In my experience men can really hinder weight loss. I'm not saying get rid of your boyfriend, but while we already feel self concious being overweight, the thought of what a guy thinks just adds to it. The only way I have found to lose the weight reliably is to just concentrate on myself. One day at a time and not to worry about what a guy may think. If the guy does not like me right now (heavy) then he is superficial and not worth my time. Maybe this thought process gets easier with age. (I am 33). You also have to realise that the more stress you put on yourself the harder it is for your body to lose weight.
I have been in several emotionally abusive relationships, and have left my last one for good I hope. (Last one was not chosen, it was having to live with an NPD/PA family member) Every time stress has happened I put on weight. Every time I am out of a stressful period I drop the weight. Stress factors in a lot so try to focus on the weight loss and not so much about what this guy may think. :)
PM me any time if you'd like to talk.
I don't think you sound quite ready for this relationship either.
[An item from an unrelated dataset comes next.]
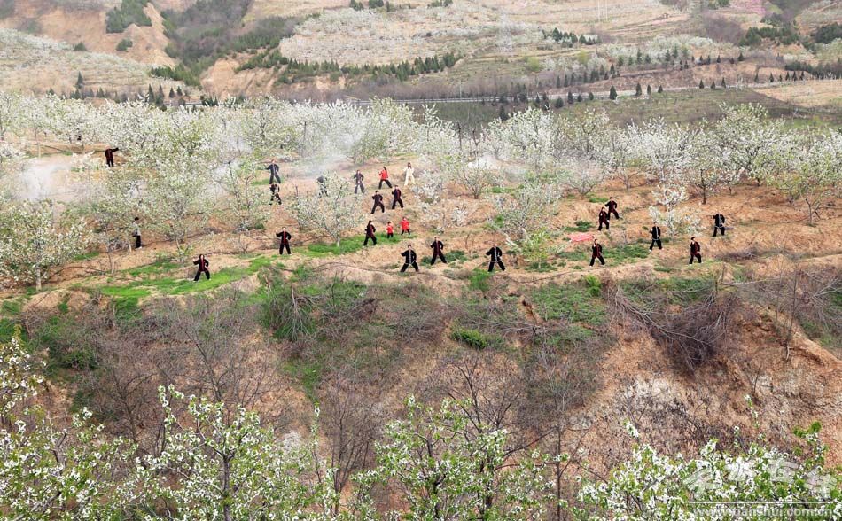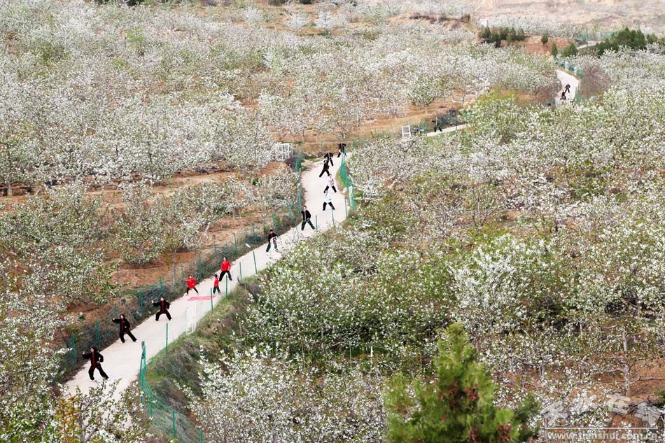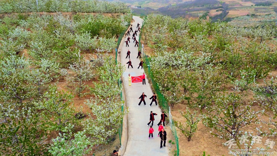 太极不单纯是一种技能、功法,最重要的是一种生活的态度、生活的方式。太极拳含蓄内敛、连绵不断、以柔克刚、急缓相间、行云流水的拳术风格使习练者的意、气、形、神逐渐趋于圆融一体的至高境界,而其对于武德修养的要求也使得习练者在增强体质的同时提高自身素养,提升人与自然、人与社会的融洽与和谐。置身于烟铺的樱桃园中,那青草的清香,樱桃花的芳香,泥土的质朴气息,在这样如梦般的花海中演绎中华太极拳,不仅带给人们一道别样的视觉享受,更能使练太极者领悟到生活的真谛。

But if you are not ready to just walk away from it, maybe you should tell your guy your fears. and see how he responds.
In the meantime, continue with therapy. Are you seeing a man? If not why not? It will teach you how to deal with your relationship stuff better. Trust me, i've been through that. It helped me a lot. Not that i've had very much opportunities to really test it but i did notice a big difference in my relationships with men since. I'm much less confused, I know whats important and how to deal with it and i know my weaknesses and how to deal with them.
On another tack, whenever two people get together its always a bit scary. He's going to have some faults too you know, that you are going to have to get used to and accept or not. When you get with someone who've you've known online, well you've been through it already once so you know that there's a lot more to a person than can be deduced online. Tell him what you are worrying about. If he's genuinely good with it and not just pretending to be ok, then you can feel more confident about moving. If he starts backing off a bit you've saved yourself a lot more heartache and money. So be as open as you can. Tell him how you feel about your body and your fears about his rejection of you because of it.